*** Opening of The input ***
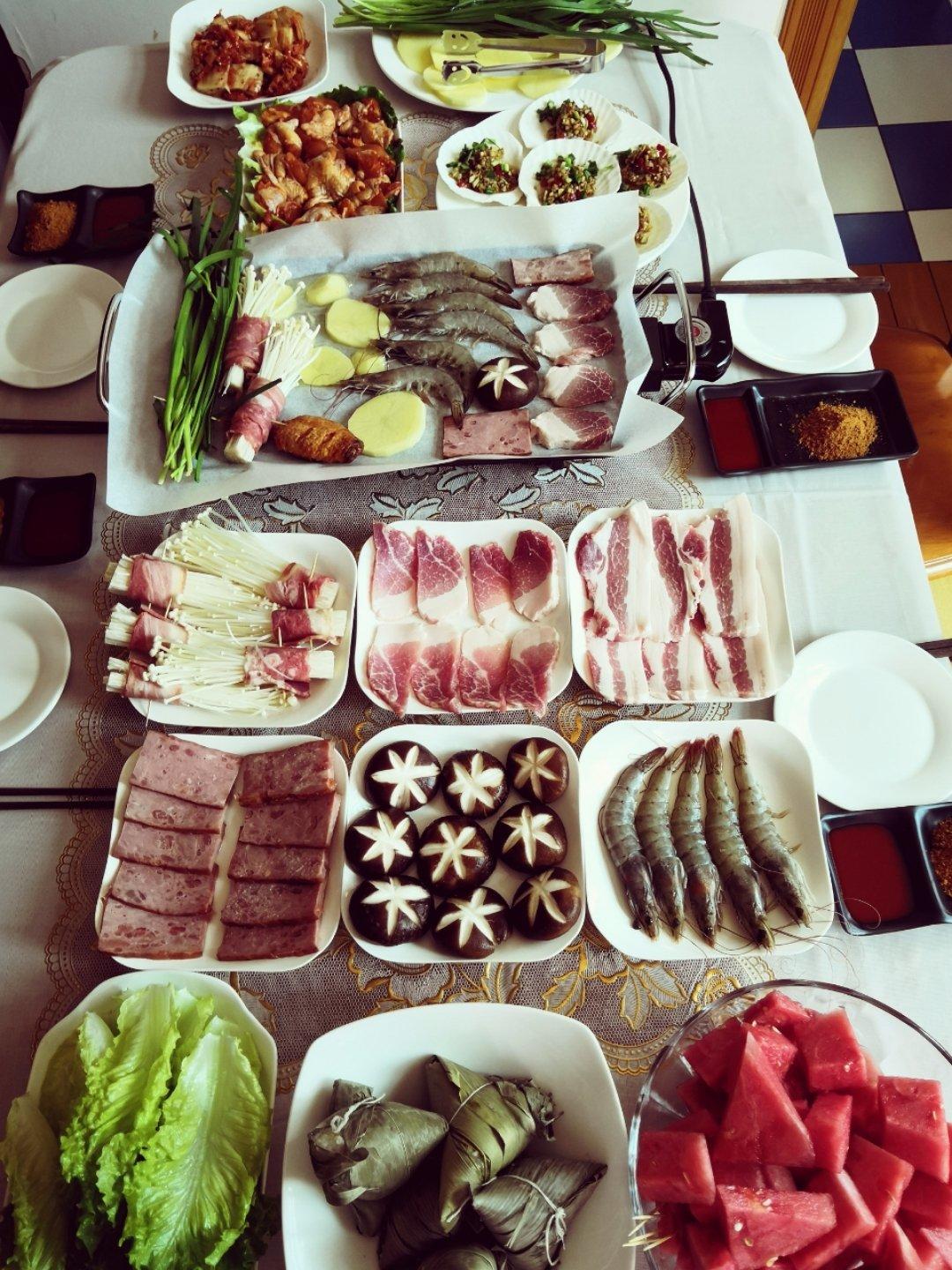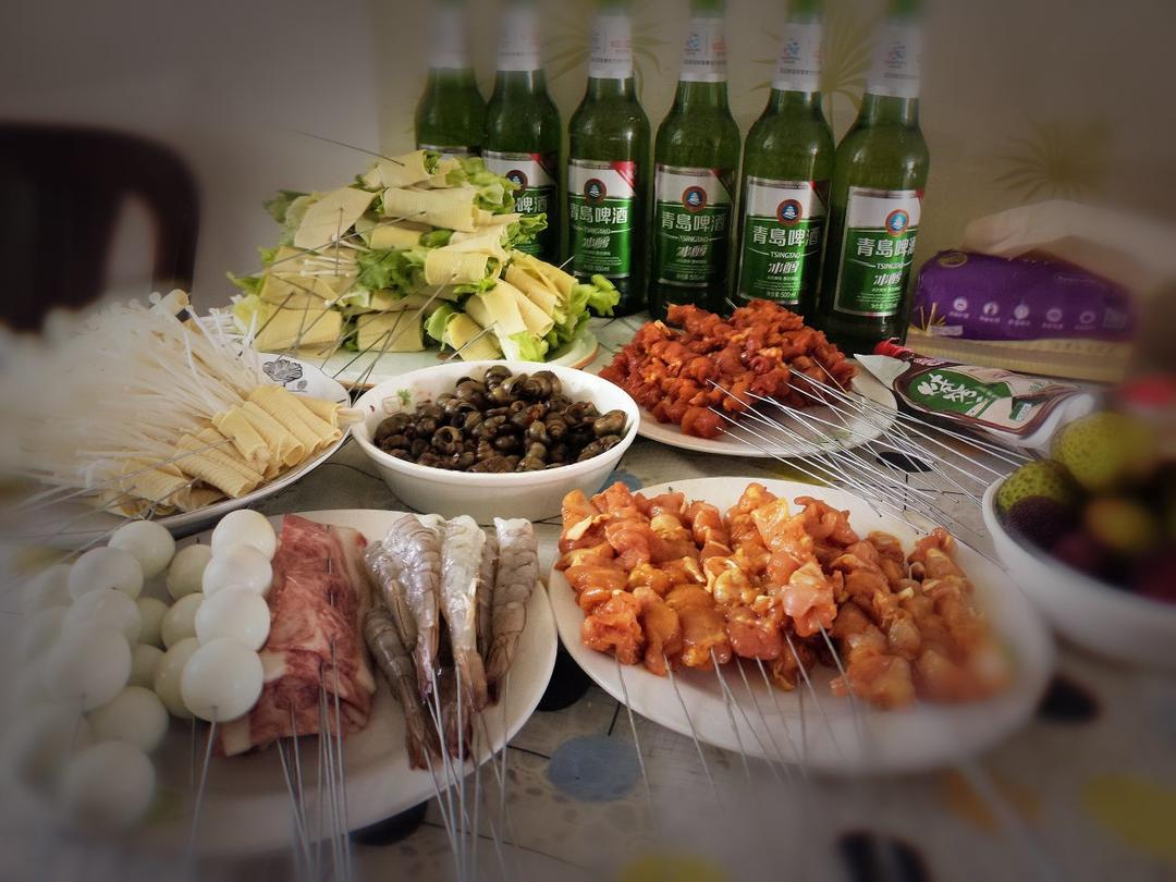 都是自己当天现腌现切现串的(除了热狗,下次也自己做)这样BBQ,可以多来几次
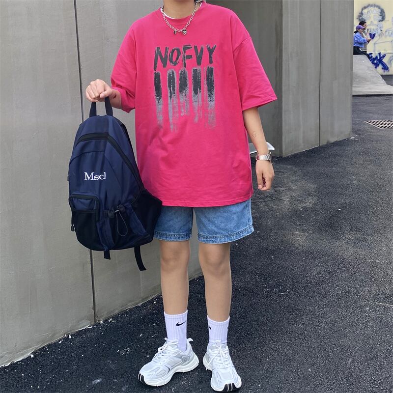 夏服Tシャツレディース韓国ファッショントレンドダークプリントホワイトルーズラウンドネックトップス 夏物 Oネック スタイル デーモン11101947508
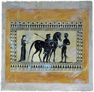 Ancient Greek wall fresco. This style of painting is an example from pottery around the period 400 B.C.
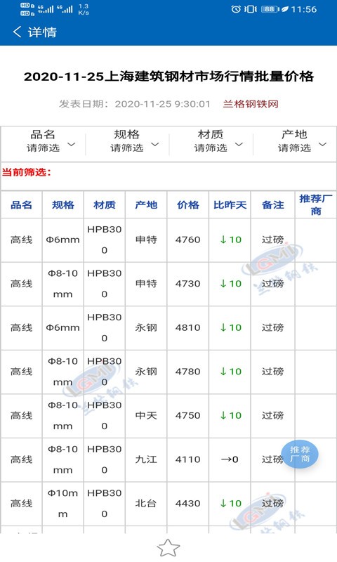 实时了解各项钢铁产品的市场价格,让用户掌握更多商品实时价格数据;
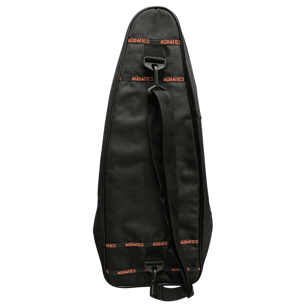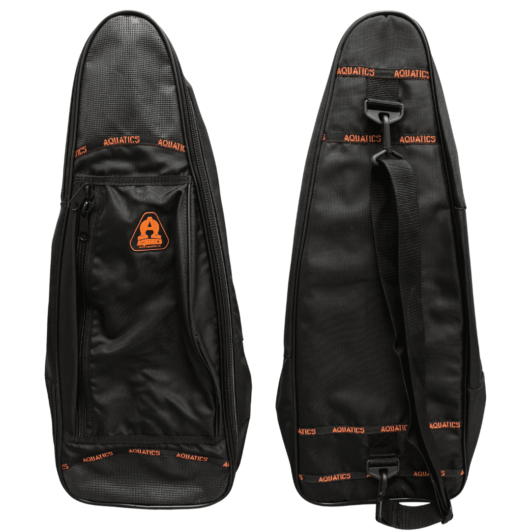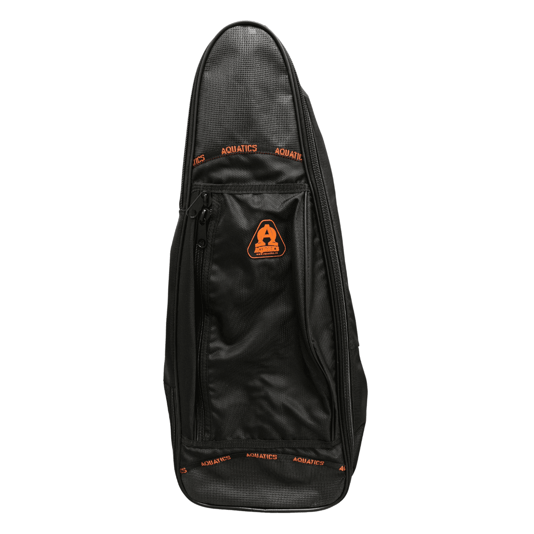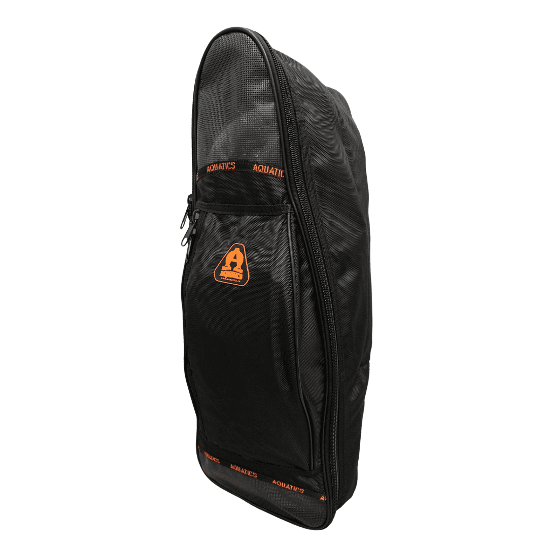 Сумка Акватикс для транспортировки комплекта для плавания — маска+трубка+ласты. В основное отделение сумки свободно помещается пара ласт (общей длиной до 62 см), комплект маски и трубки, тонкий гидрокостюм или купальник и небольшое полотенце. Сумка сделана расширяющейся к верху, что бы в неё смогли легко уместиться ласты большого размера с широкой калошей. Снаружи сумки имеется накладной карман для небольших аксессуаров или ключей и документов. Сетчатые вставки позволяют активно вентилироваться содержимому сумки. Сумка имеет усиленные молнии с двумя бегунками на центральном отделении. На спинке регулируемый по длине ремень. Размеры: Длина сумки: 69 см Ширина днища 27 см Ширина в верхней части: 17 см Глубина днища: 8 см Глубина верхней части: 25 см Накладной карман: 22 х 36 см, глубина 5 см
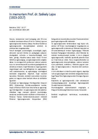 Vitrai, József (2017) In memoriam Prof. dr. Székely Lajos (1923-2017). EGÉSZSÉGFEJLESZTÉS, 58 (4). p. 1. ISSN 1786-2434 (nyomtatott); 2498-6666 (elektronikus)
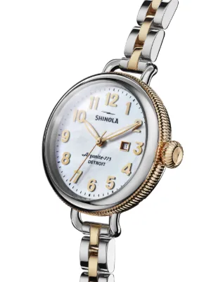 Shinola Birdy 3HD 34mm Imported Highlights silver-tone/gold-tone stainless steel Arabic dial round face clasp fastening Composition stainless steel, Rose Gold Product IDs FARFETCH ID: 18929731 Brand style ID: S0120077932
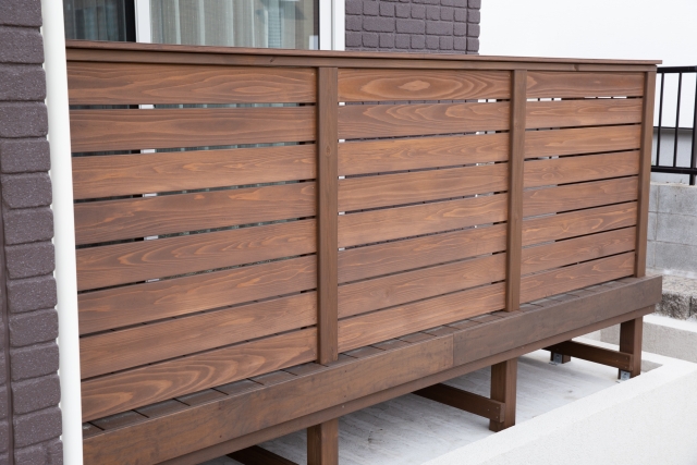 斜めの土地にデッキを作る際、床面が地面から高い位置に来ることが多いため、転落防止のためのフェンスは必須と言えます。
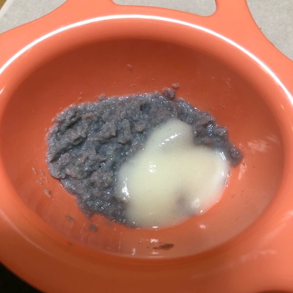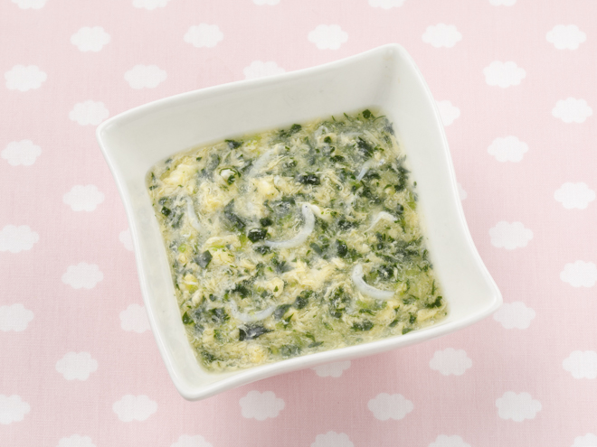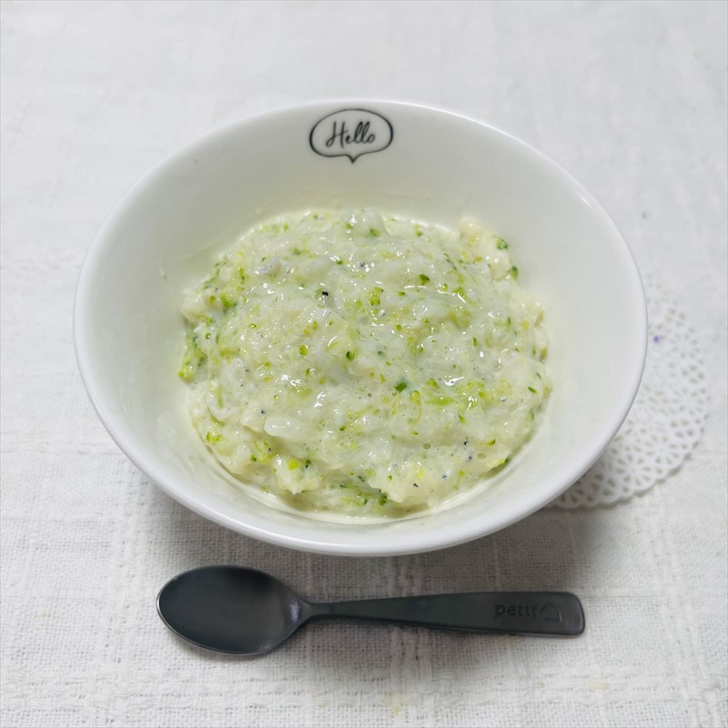 離乳食中期 ブロッコリーとしらすのミルク粥。
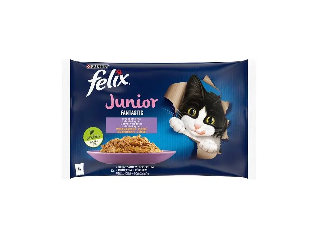 Felix Junior je kompletní krmivo pro koťata. Jednoduše vyprázdněte kapsičku a je to. Vyberte si neodolatelnou příchuť a postupujte podle následujícícho krmného návodu.
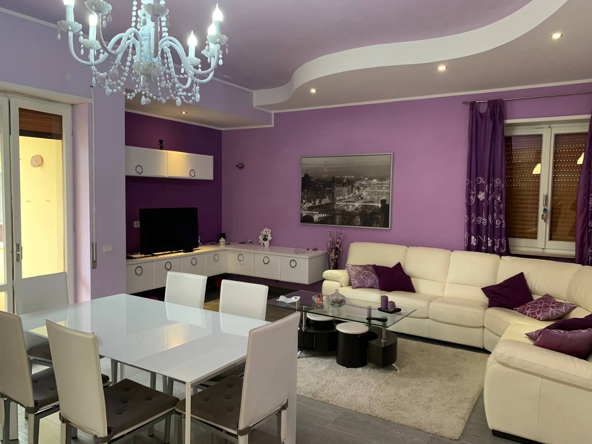 L'ingresso principale si apre su un accogliente e luminoso soggiorno, arredato con gusto e dotato di un comodo divano e di una moderna zona pranzo.
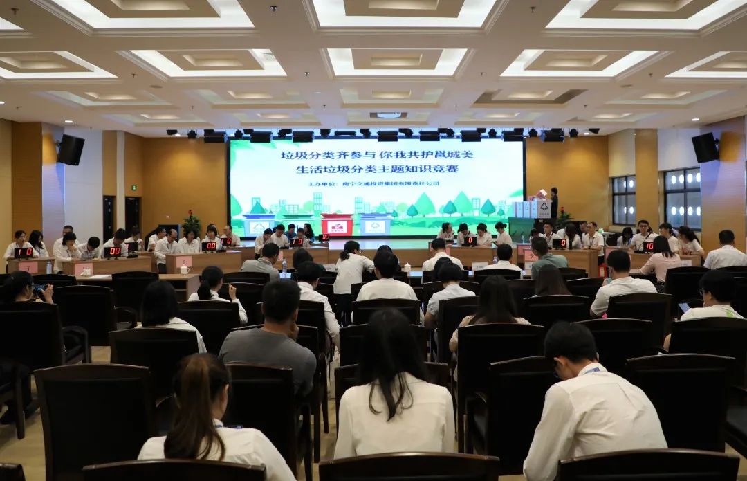 為深入貫徹習(xí)近平總書(shū)記關(guān)于生活垃圾分類(lèi)的系列重要指示批示精神,加快推進(jìn)集團(tuán)公司生活垃圾分類(lèi)工作,引導(dǎo)全體職工樹(shù)立環(huán)保意識(shí),5月8日,南寧交投集團(tuán)組織開(kāi)展“垃圾分類(lèi)齊參與,你我共護(hù)邕城美”趣味知識(shí)競(jìng)賽活動(dòng),市國(guó)資委黨建科科長(zhǎng)劉石清到現(xiàn)場(chǎng)指導(dǎo),集團(tuán)公司領(lǐng)導(dǎo)農(nóng)明姬、羅維松、黃海燕、秦勝友,集團(tuán)公司黨委委員吳江卡,以及各基層黨組織書(shū)記、黨員代表觀看了比賽。
*** Close of The input ***
Task objective:
Print an exact copy of the lines above, from the one containing "Vitrai, József (2017)" through the one containing "L'ingresso principale si", and leave out the pictures.

Exercise solution:
 Vitrai, József (2017) In memoriam Prof. dr. Székely Lajos (1923-2017). EGÉSZSÉGFEJLESZTÉS, 58 (4). p. 1. ISSN 1786-2434 (nyomtatott); 2498-6666 (elektronikus)
 Shinola Birdy 3HD 34mm Imported Highlights silver-tone/gold-tone stainless steel Arabic dial round face clasp fastening Composition stainless steel, Rose Gold Product IDs FARFETCH ID: 18929731 Brand style ID: S0120077932
 斜めの土地にデッキを作る際、床面が地面から高い位置に来ることが多いため、転落防止のためのフェンスは必須と言えます。
 離乳食中期 ブロッコリーとしらすのミルク粥。
 Felix Junior je kompletní krmivo pro koťata. Jednoduše vyprázdněte kapsičku a je to. Vyberte si neodolatelnou příchuť a postupujte podle následujícícho krmného návodu.
 L'ingresso principale si apre su un accogliente e luminoso soggiorno, arredato con gusto e dotato di un comodo divano e di una moderna zona pranzo.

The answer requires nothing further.